- _Work item_
Range to repeat from the listing below: the line containing "このような悩みに対し、本サー" down to the line containing "入队仪式由少先队大队委员主持", both included. Copy it exactly, pictures excluded, and add nothing else.

━━━━━ Task input ━━━━━

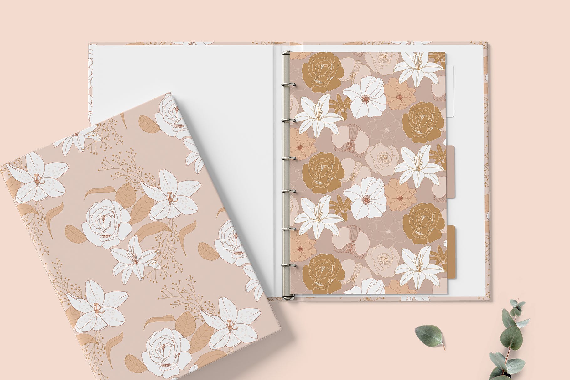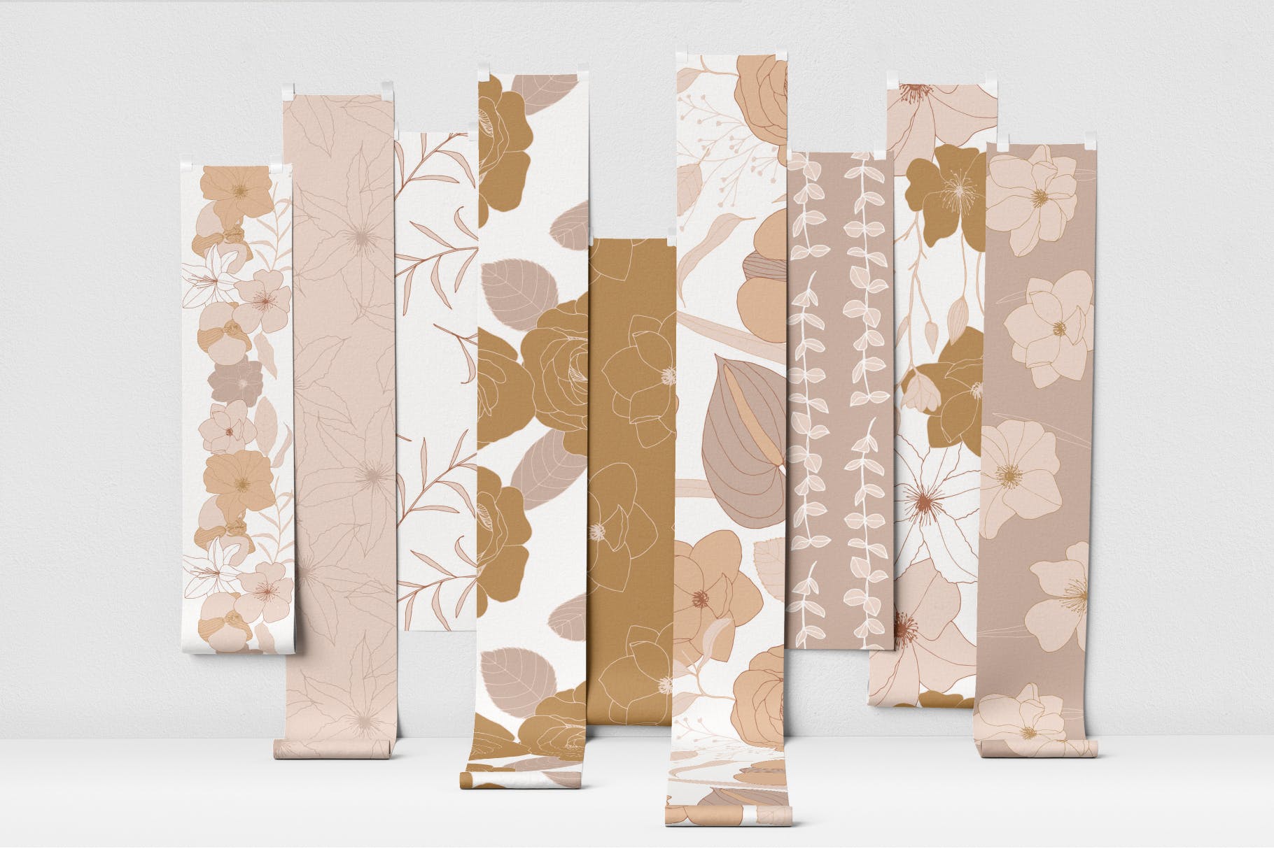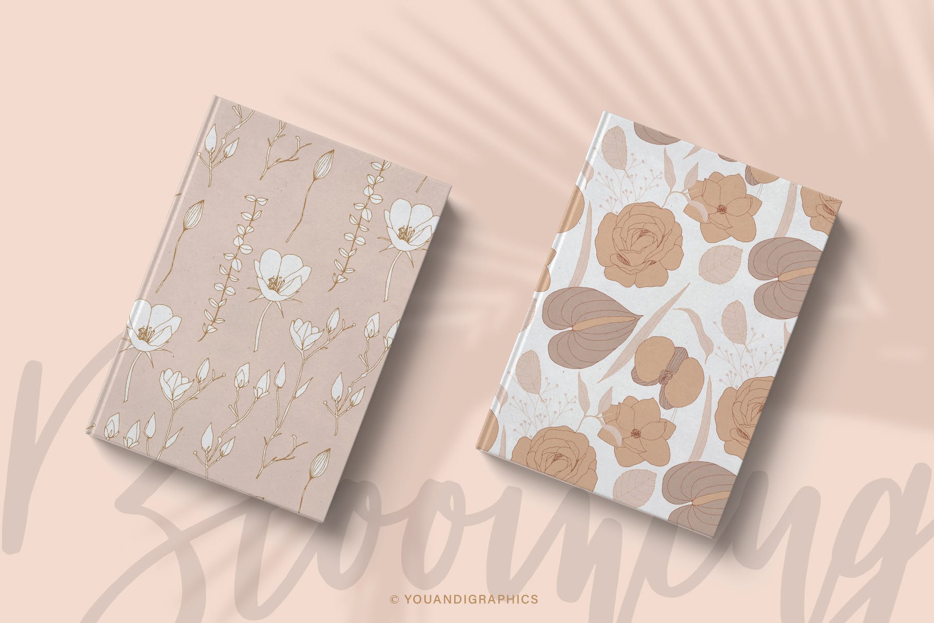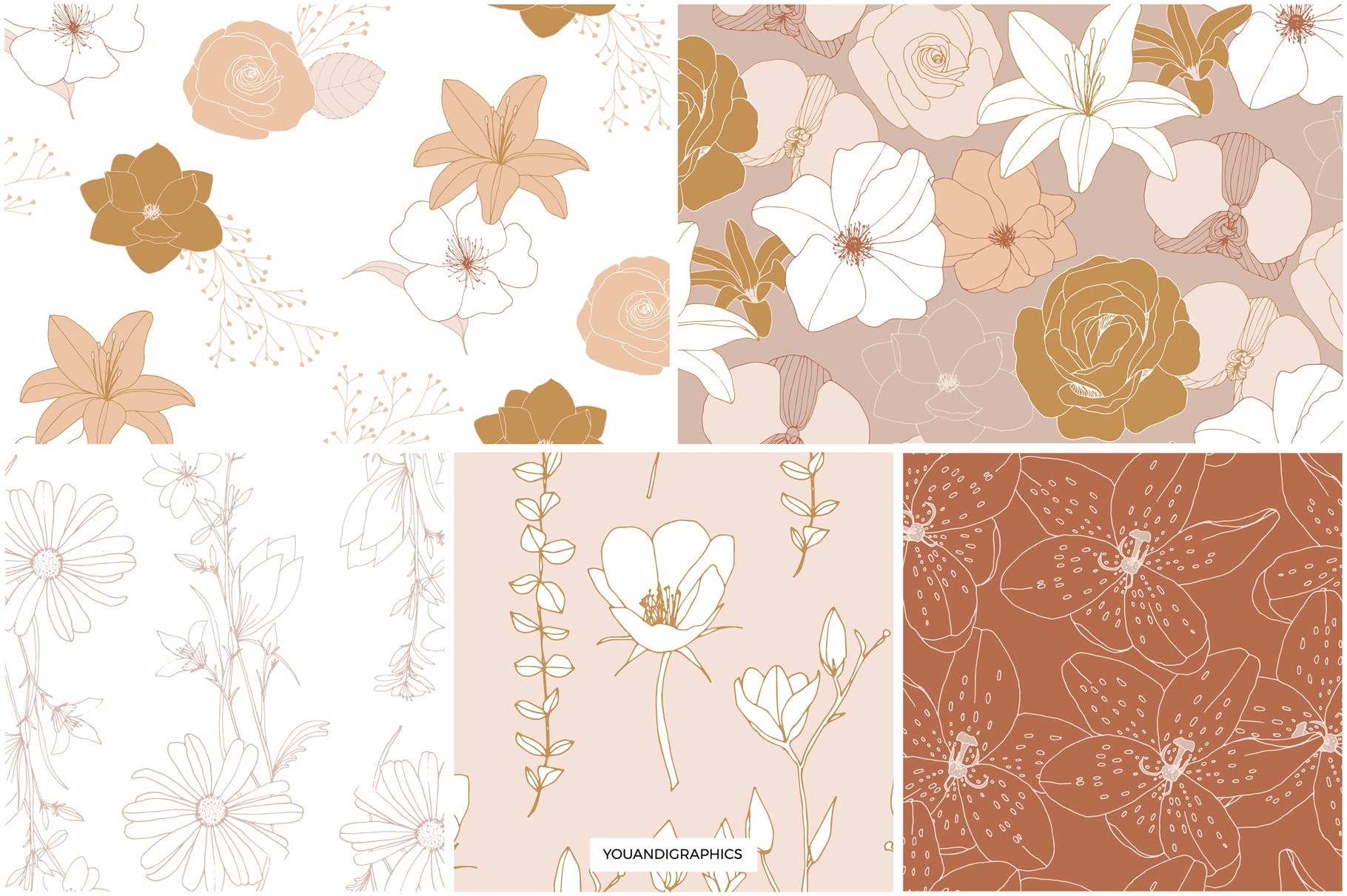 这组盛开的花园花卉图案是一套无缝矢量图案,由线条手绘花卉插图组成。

━━━━━
━━━━━ Task input ━━━━━

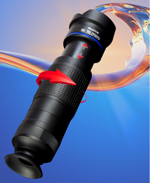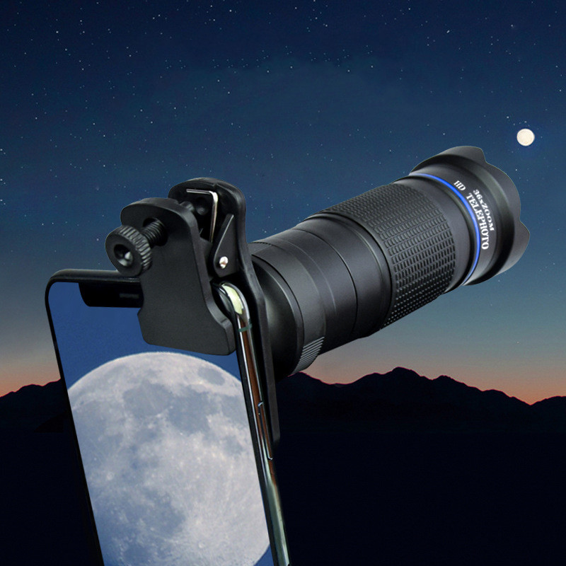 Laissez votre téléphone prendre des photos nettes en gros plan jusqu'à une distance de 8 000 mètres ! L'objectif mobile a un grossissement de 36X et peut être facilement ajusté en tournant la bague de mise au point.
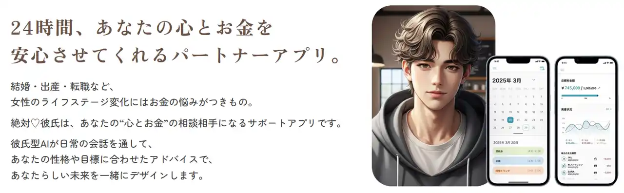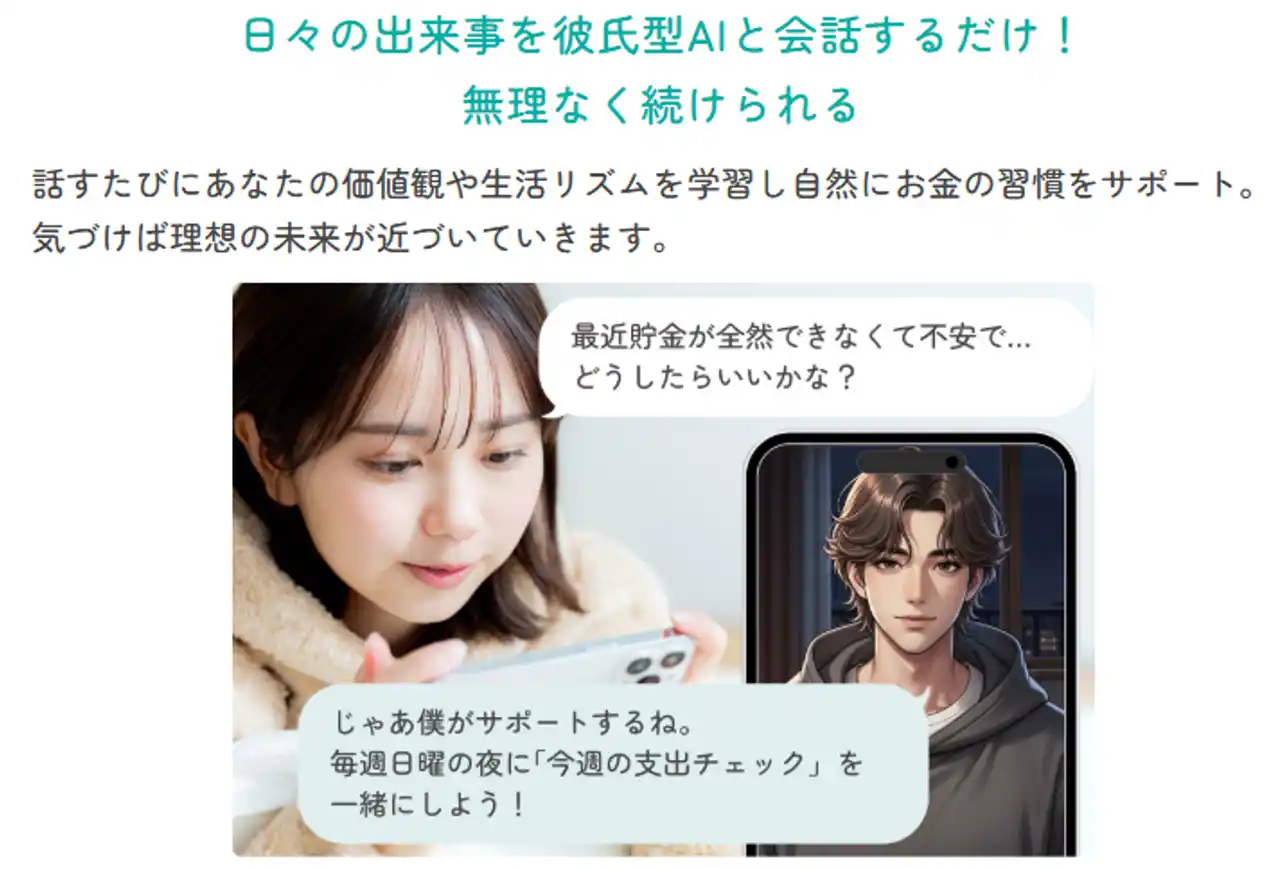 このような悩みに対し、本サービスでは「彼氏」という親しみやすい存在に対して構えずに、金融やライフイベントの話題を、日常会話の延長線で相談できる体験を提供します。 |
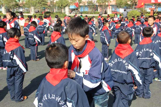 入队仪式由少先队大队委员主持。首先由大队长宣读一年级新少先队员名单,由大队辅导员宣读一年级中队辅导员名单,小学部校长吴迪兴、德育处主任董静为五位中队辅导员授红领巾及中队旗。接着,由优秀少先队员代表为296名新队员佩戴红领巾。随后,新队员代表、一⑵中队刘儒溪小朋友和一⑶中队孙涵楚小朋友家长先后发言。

━━━━━

- _Result of the task_
 このような悩みに対し、本サービスでは「彼氏」という親しみやすい存在に対して構えずに、金融やライフイベントの話題を、日常会話の延長線で相談できる体験を提供します。 |
 入队仪式由少先队大队委员主持。首先由大队长宣读一年级新少先队员名单,由大队辅导员宣读一年级中队辅导员名单,小学部校长吴迪兴、德育处主任董静为五位中队辅导员授红领巾及中队旗。接着,由优秀少先队员代表为296名新队员佩戴红领巾。随后,新队员代表、一⑵中队刘儒溪小朋友和一⑶中队孙涵楚小朋友家长先后发言。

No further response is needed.